Goal of the exercise >> Exactly the lines from the one with "The original mount of" through the end of the records below are needed, minus any pictures.

(Records excerpted from a collection)
=-=-=-=-=

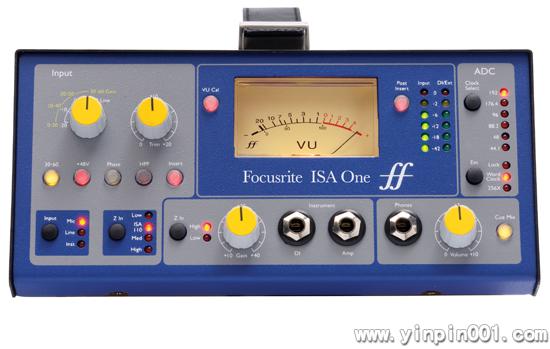 ISA ONE具有源自原型ISA 110模块经典复古的话放,包括Lundahl L1538变压器和Zobel网络(原型110话放是Focusrite传奇Forte调音台每通道的基础)。前置放大器还包括一个线路输入(XLR和TRS插孔)和一个独立的DI通道,连同专用的增益控制,有源或无源阻抗切换,一个TRS输出插孔用于输出至乐器音箱放大器,独立的XLR输出位于背面板。这个设计灵活的独立DI特别适合录音师将通过DI的吉他信号和话筒拾取吉他音箱的信号相混合,也适合专业乐手对吉他和人声录制的需求。一个可变阻抗电路使用户可以在精选的四种输入阻抗预置间切换。原型ISA 110的预置加上三种阻抗设置能完美匹配任何一款话筒,或者用不同的设置使话筒产生创造性的音色。ISA ONE也具有插接点功能,在话放或DI与选配转换卡直接连接外部处理器。幻象供电,相位反转和75Hz,18dB/倍频程高通滤波器也都位于倾斜的前面板。两个通道的独立动线圈指针式可调校准VU电平表和两个六段LED峰值表适合模拟或数字录音媒质;输入电平可以位于插接点的前或后。电平表使用与Digidesign Pro Tools HD系统相同的参考点,可以无缝连接。 ISA ONE的耳机输出具有专用的音量控制,也可以通过背面板的两个TRS输入连接一组外部立体声cue mix(节拍轨,或来自音频接口或现场调音台的立体声混音)监听。可选配高品质立体声模数转换扩展卡(与ISA 430 MkII扩展卡相同),将最尖端的转换技术置于Focusrite品质的模拟电路中。扩展卡可以随时安装,提供两通道动态范围高达119dB的24bit/192kHz模数转换。
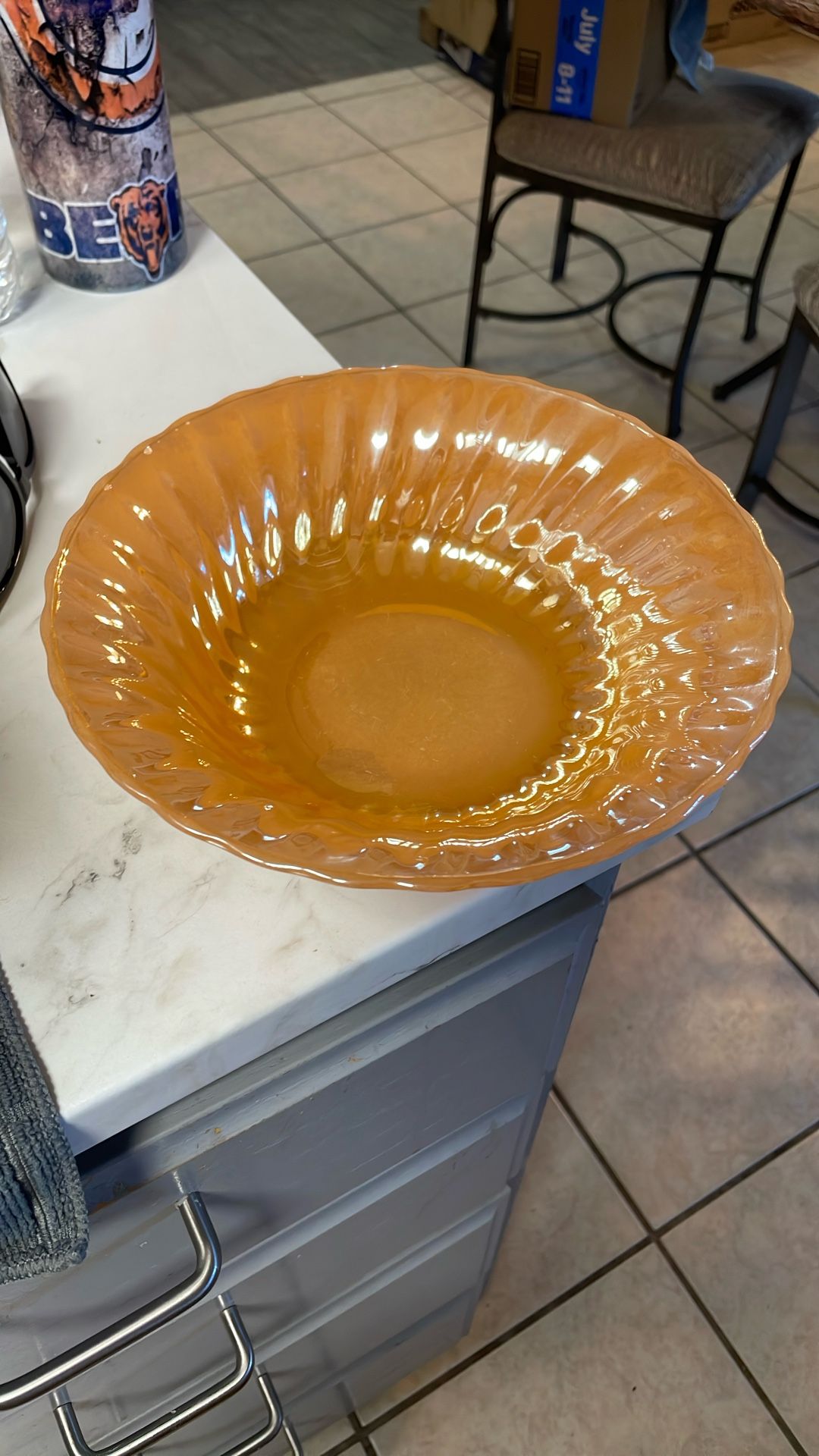 vintage Anchor Hocking Fire King Peach Lustre Swirl Round Vegetable Serving Bowl
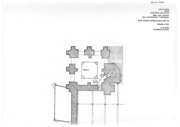 POP | Plateforme ouverte du patrimoineCathédrale Saint-Louis : TRAVAUX DE MISE EN SECURITE : plan du clocher niveau combles de la nef (4)
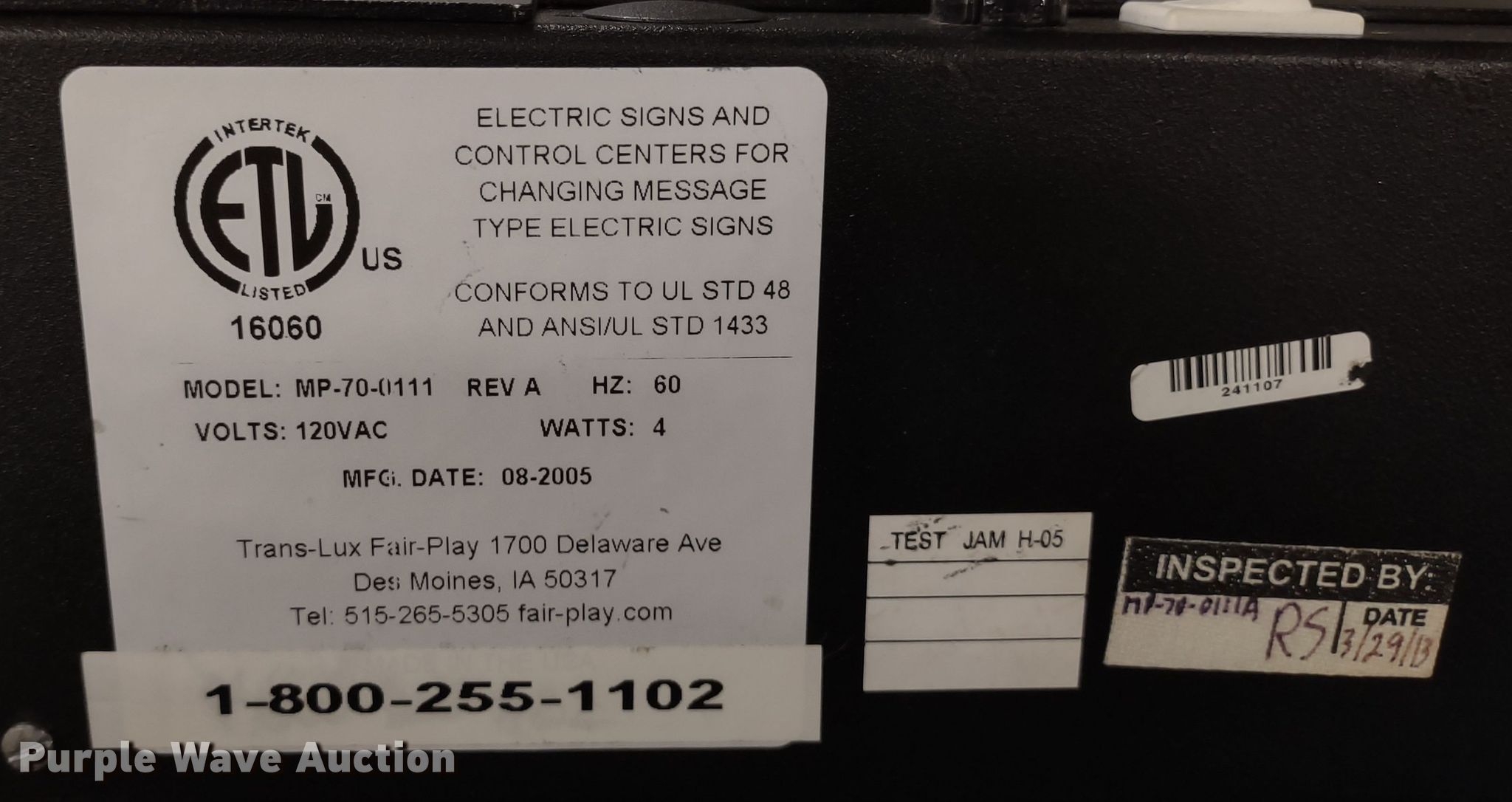 Purple Wave is selling a used Sporting Goods in Kansas. This item is a Trans-Lux Fair-Play MP-7108 scoreboard with the following: Volts: 120/240, HZ: 60
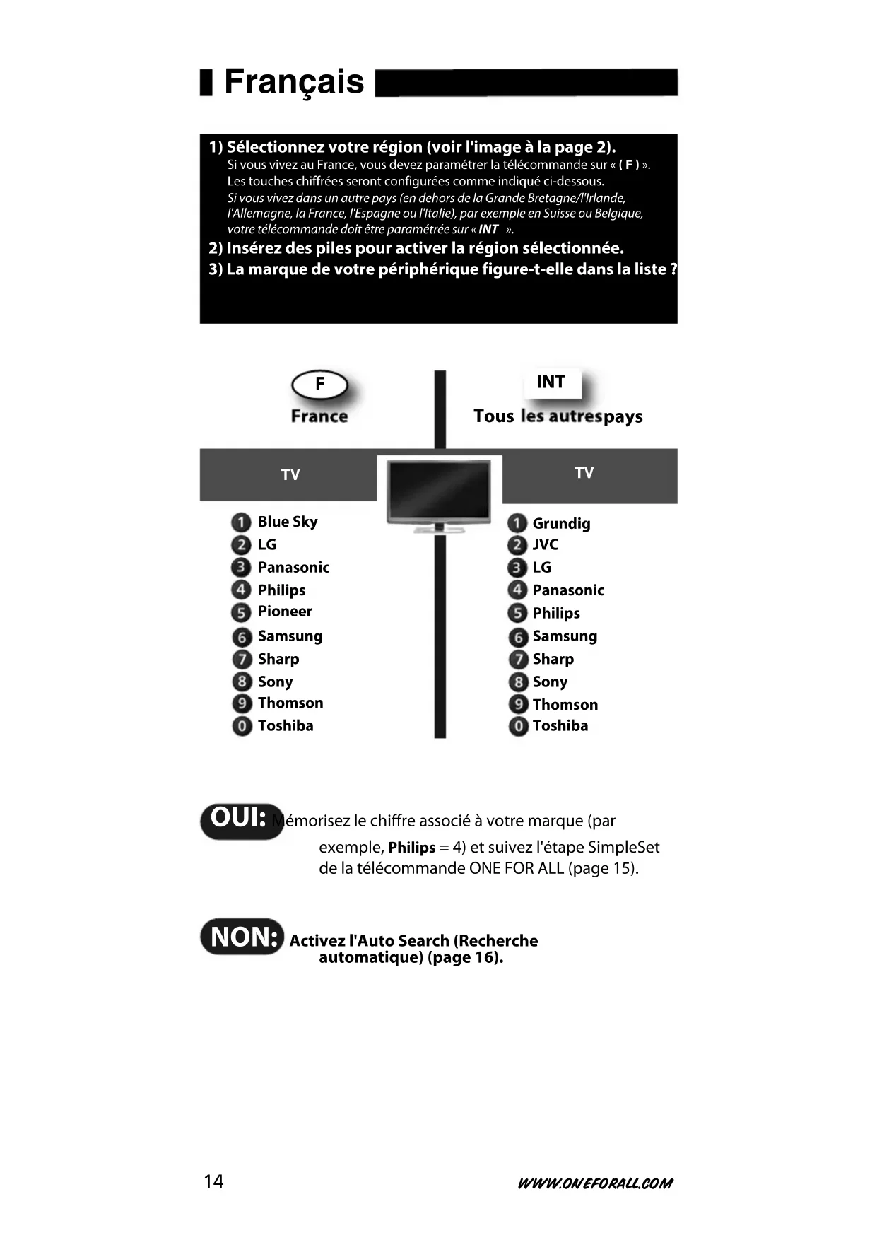 ONE FOR ALL SimpleSet Ce mode vous permet de configurer les marques d'appareils les plus répan-dus en quelques minutes. Localisez simplement la touche chiffrée associéeà votre marque (page 14) et suivez les étapes A à B.
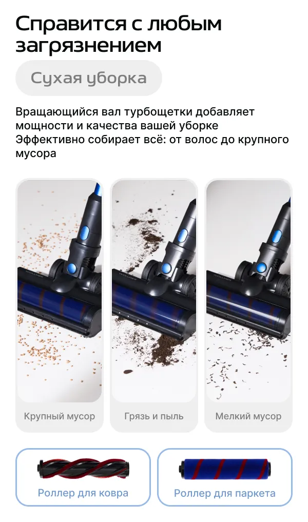 Турборежим справится с тяжелейшими загрязнениями. У мусора и пыли нет шансов. Двигатель, мощностью 315 Вт и турбощетка с двумя сменными роллерами соберут мельчайшие частицы.
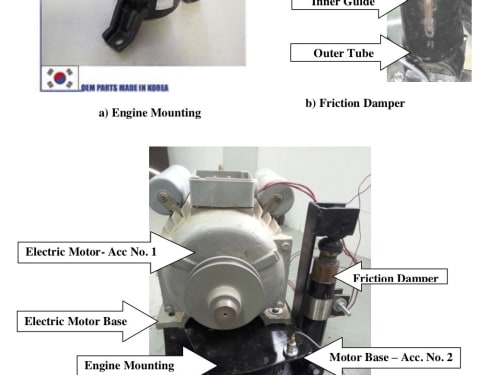The original mount of the test-vehicle engine is Passive Hydraulic Mount, see Figure 1.(a). The friction damper was added to the original mount in parallell. The modified mount system is a different size than the original one with an additional weight of 200 g. Figure 1(b) shows the friction damper unit of the mount.
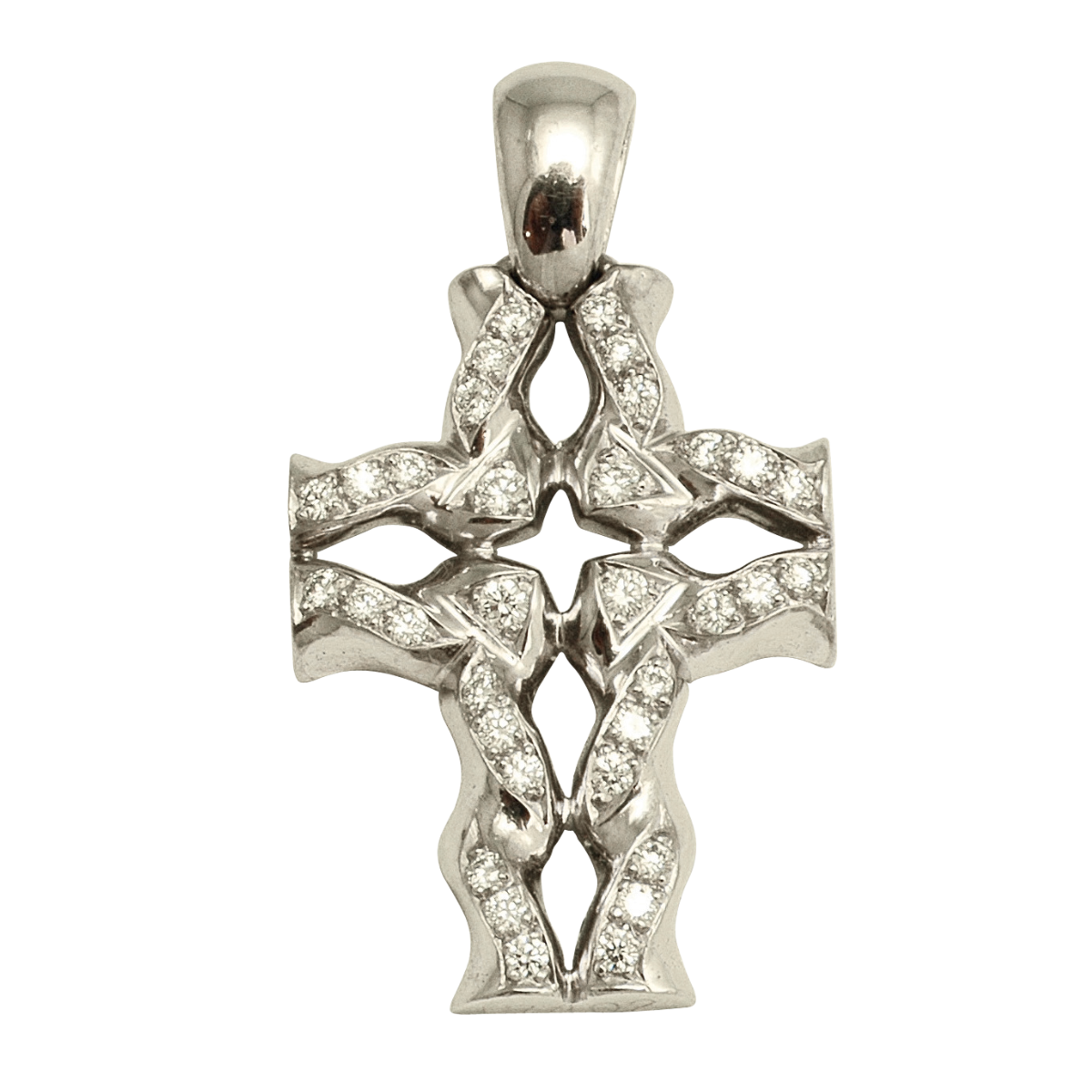 Flowing Lines Diamond Cross Pendant Designed & Handmade by Kaufmann de Suisse in 18kt White Gold featuring 34 Round Brilliant Cut F/VVS Quality Diamonds weighing a total of 0.42cts on a 18 Inch 14kt White Gold Chain
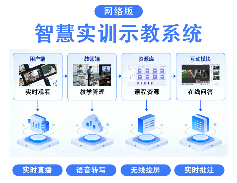 实训实验智慧示范教学系统 | V1.0 | 支持20+路摄像机接入、分组实操、多画面布局、无线投屏、画面批注、资源扫码下载 |

=-=-=-=-=

Answer to this problem >>
The original mount of the test-vehicle engine is Passive Hydraulic Mount, see Figure 1.(a). The friction damper was added to the original mount in parallell. The modified mount system is a different size than the original one with an additional weight of 200 g. Figure 1(b) shows the friction damper unit of the mount.
 Flowing Lines Diamond Cross Pendant Designed & Handmade by Kaufmann de Suisse in 18kt White Gold featuring 34 Round Brilliant Cut F/VVS Quality Diamonds weighing a total of 0.42cts on a 18 Inch 14kt White Gold Chain
 实训实验智慧示范教学系统 | V1.0 | 支持20+路摄像机接入、分组实操、多画面布局、无线投屏、画面批注、资源扫码下载 |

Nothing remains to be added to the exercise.